Write the records out exactly as they read, but not the pictures.

=== Material to process ===

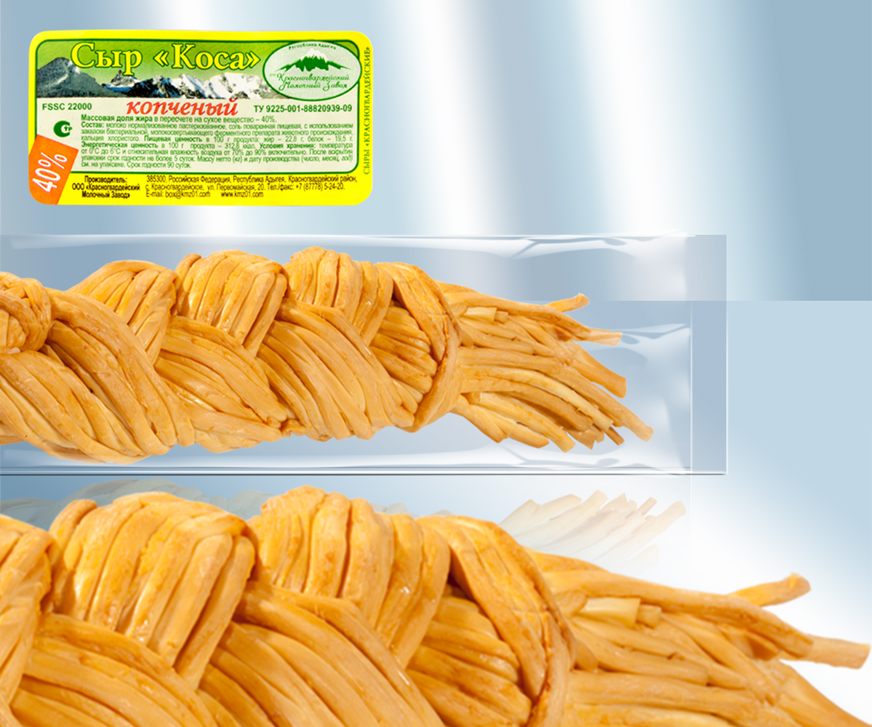 сыр-косичка копченый (сыр Паста Филата), 40% жир в сухом веществе. .
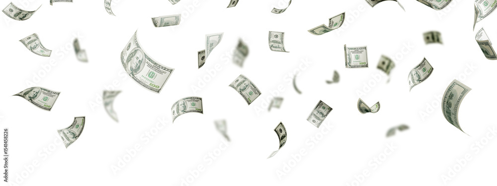 Foto Floating of 100 dollar bill on white
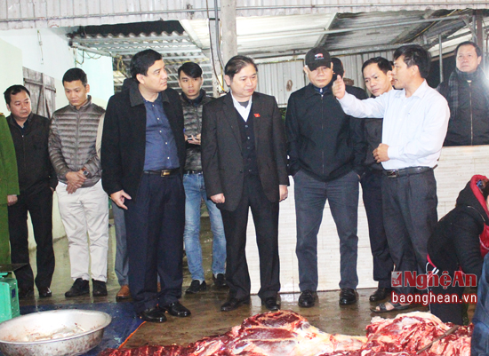 Lãnh đạo tỉnh Nghệ An kiểm tra cơ sở giết mổ bò của ông Nguyễn Xuân Hương tại xã Nghi Phú, TP Vinh.
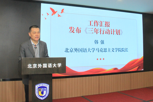北外必赢国际437官网院长韩强汇报了五年来思政课建设和马院发展情况,并发布《必赢国际437官网北京市重点建设必赢国际437官网三年行动计划(2024-2026年)》。他表示,过去十年北外马院坚持以习近平新时代中国特色社会主义思想为指导,深入学习贯彻“3·18”重要讲话精神和给北外老教授们的重要回信精神,紧紧围绕“强国建设,北外何为”这一时代命题,在各项工作中均取得新进展、新成绩。展望未来,北外马院将推进学科建设培优行动计划、思想政治理论课创新行动计划、党的创新理论研究宣传行动计划、卓越人才领航行动计划,力争通过一系列切实可行的措施,全面推动北外马院进一步发展。
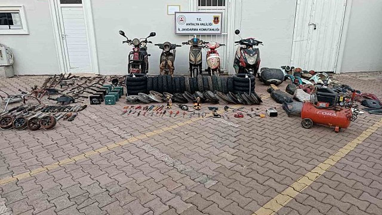 Antalya'da çalınan motosiklet ve elektrikli bisikletleri atölyesinde parçalara ayırıp boyayarak tanınmayacak hale getirdikten sonra satmayı planlayan şüpheli, jandarmanın operasyonuyla yakalandı.
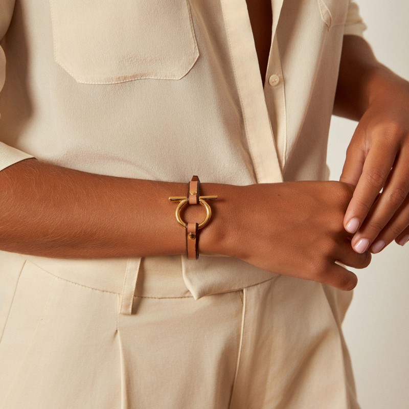 Composition : Cuir, Laiton Plaqué Or sans nickel et traités contre les allergies.
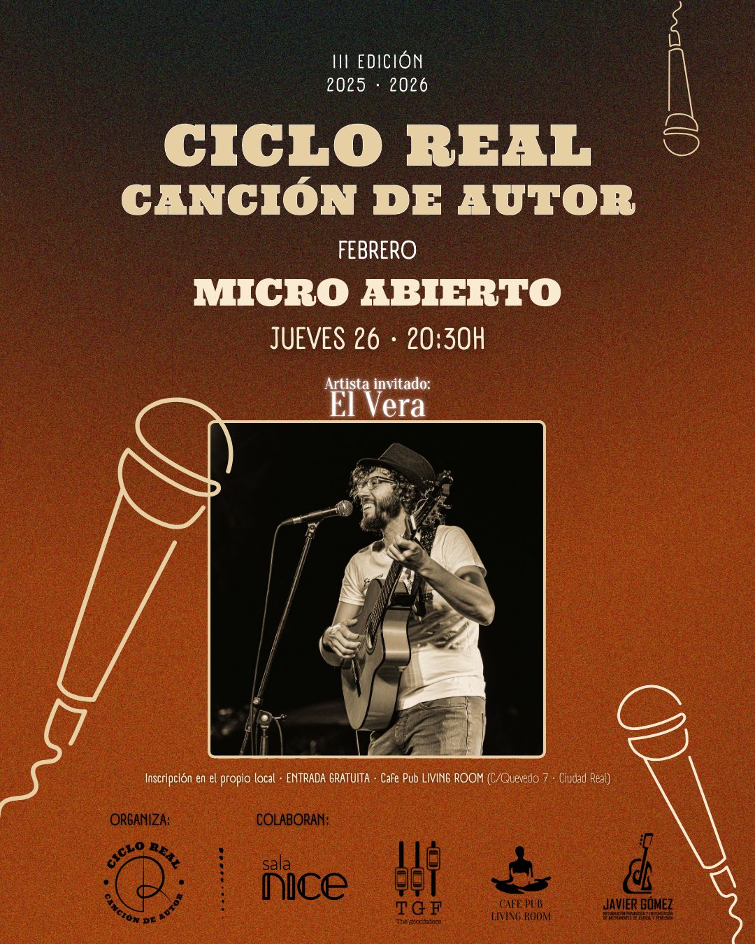 El Ciclo Real despide febrero con uno de sus tradicionales y ya implementados en la ciudad, micro abierto. Una oportunidad para que cantautores, músicos emergentes y artistas de cualquier disciplina compartan sus composiciones en un ambiente cercano e íntimo. La inscripción podrá realizarse en el propio local antes del inicio del evento. Este micro estará presentado por el cantautor ciudarrealeño Lewismi, encargado de conducir la velada y dar paso a los distintos participantes como ya es costumbre.
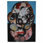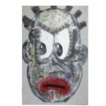 “C’è un volto che ritorna, ossessivo e familiare, in ogni opera di Redlongo. Una maschera stilizzata, quasi infantile: testa rotonda, occhi spalancati, quattro capelli sparati verso l’alto. Sembra un disegno fatto in fretta su un quaderno, un logo, un’icona pop. Ma è molto di più. È un simbolo identitario. È un autoritratto spirituale. È il frutto di una trasformazione dolorosa.”
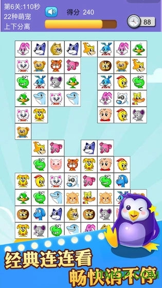 萌宠消不停这款游戏能让你重温经典连连看的乐趣,还有丰富多样的关卡等待你去挑战!游戏规则很简单:连续点击两个相同的图案就能将它们消除,当所有图案都被消除后,你就可以顺利进入下一关啦。而且每一关都设置了不同的时间限制和掉落规则,简单易上手的玩法搭配丰富多变的体验,绝对让你百玩不厌。
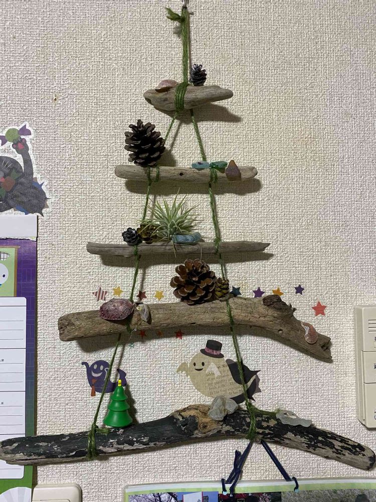 兄ちゃんは立体工作、私は流木のクリスマスツリー🎄久しぶりのお出かけ💕🎼♪
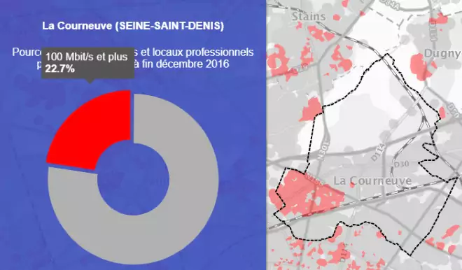 Grâce à la première carte on peut voir que la ville de La Courneuve est couverte à 96.8% par le très haut débit.
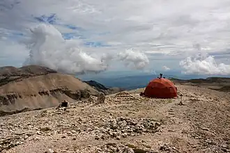 ![]() Summit of Mount Amaro, highest peak of Maiella, with the red bivouac Cesare Mario Pelino | |
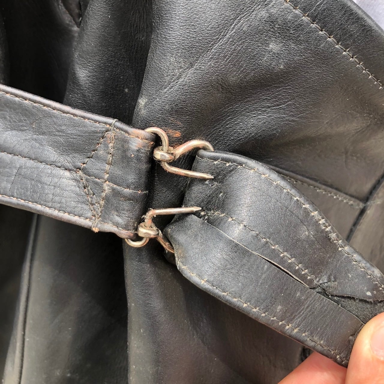 美品 40s スウェーデン軍 実物 レザー モーターサイクル パンツ ジョッパーズ オーバーオール ヴィンテージ 針刺し バックルバック 30s WW2
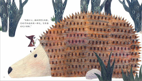 韩煦:您的问题很细致。在拼贴拓印技法的基础上,我会针对自己的每件作品寻找最合适的表达方式。《走出森林的小红帽》用到许多粗头的彩铅,拓印出来的肌理会有颗粒感,而《章鱼先生卖雨伞》用的都是细头彩铅,相对柔和一些。除此之外,两个作品的拓印还有一点区别,《小红帽》里的一些形象的颜色是有过渡的,比如刺猬,我用了深棕浅棕两种颜色,而《章鱼先生》里的所有图形元素都是平涂。这些手法上的调整都是与作品的内容、设定的目标读者群和我想传达的情绪有关。
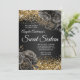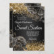 Glittery Gold Black Floral Glam Sweet Sixteen Invitation

===

# [Your response]
 сыр-косичка копченый (сыр Паста Филата), 40% жир в сухом веществе. .
 Foto Floating of 100 dollar bill on white
 Lãnh đạo tỉnh Nghệ An kiểm tra cơ sở giết mổ bò của ông Nguyễn Xuân Hương tại xã Nghi Phú, TP Vinh.
北外必赢国际437官网院长韩强汇报了五年来思政课建设和马院发展情况,并发布《必赢国际437官网北京市重点建设必赢国际437官网三年行动计划(2024-2026年)》。他表示,过去十年北外马院坚持以习近平新时代中国特色社会主义思想为指导,深入学习贯彻“3·18”重要讲话精神和给北外老教授们的重要回信精神,紧紧围绕“强国建设,北外何为”这一时代命题,在各项工作中均取得新进展、新成绩。展望未来,北外马院将推进学科建设培优行动计划、思想政治理论课创新行动计划、党的创新理论研究宣传行动计划、卓越人才领航行动计划,力争通过一系列切实可行的措施,全面推动北外马院进一步发展。
 Antalya'da çalınan motosiklet ve elektrikli bisikletleri atölyesinde parçalara ayırıp boyayarak tanınmayacak hale getirdikten sonra satmayı planlayan şüpheli, jandarmanın operasyonuyla yakalandı.
 Composition : Cuir, Laiton Plaqué Or sans nickel et traités contre les allergies.
 El Ciclo Real despide febrero con uno de sus tradicionales y ya implementados en la ciudad, micro abierto. Una oportunidad para que cantautores, músicos emergentes y artistas de cualquier disciplina compartan sus composiciones en un ambiente cercano e íntimo. La inscripción podrá realizarse en el propio local antes del inicio del evento. Este micro estará presentado por el cantautor ciudarrealeño Lewismi, encargado de conducir la velada y dar paso a los distintos participantes como ya es costumbre.
 “C’è un volto che ritorna, ossessivo e familiare, in ogni opera di Redlongo. Una maschera stilizzata, quasi infantile: testa rotonda, occhi spalancati, quattro capelli sparati verso l’alto. Sembra un disegno fatto in fretta su un quaderno, un logo, un’icona pop. Ma è molto di più. È un simbolo identitario. È un autoritratto spirituale. È il frutto di una trasformazione dolorosa.”
 萌宠消不停这款游戏能让你重温经典连连看的乐趣,还有丰富多样的关卡等待你去挑战!游戏规则很简单:连续点击两个相同的图案就能将它们消除,当所有图案都被消除后,你就可以顺利进入下一关啦。而且每一关都设置了不同的时间限制和掉落规则,简单易上手的玩法搭配丰富多变的体验,绝对让你百玩不厌。
 兄ちゃんは立体工作、私は流木のクリスマスツリー🎄久しぶりのお出かけ💕🎼♪
 Grâce à la première carte on peut voir que la ville de La Courneuve est couverte à 96.8% par le très haut débit.
 ![]() Summit of Mount Amaro, highest peak of Maiella, with the red bivouac Cesare Mario Pelino | |
 美品 40s スウェーデン軍 実物 レザー モーターサイクル パンツ ジョッパーズ オーバーオール ヴィンテージ 針刺し バックルバック 30s WW2
 韩煦:您的问题很细致。在拼贴拓印技法的基础上,我会针对自己的每件作品寻找最合适的表达方式。《走出森林的小红帽》用到许多粗头的彩铅,拓印出来的肌理会有颗粒感,而《章鱼先生卖雨伞》用的都是细头彩铅,相对柔和一些。除此之外,两个作品的拓印还有一点区别,《小红帽》里的一些形象的颜色是有过渡的,比如刺猬,我用了深棕浅棕两种颜色,而《章鱼先生》里的所有图形元素都是平涂。这些手法上的调整都是与作品的内容、设定的目标读者群和我想传达的情绪有关。
 Glittery Gold Black Floral Glam Sweet Sixteen Invitation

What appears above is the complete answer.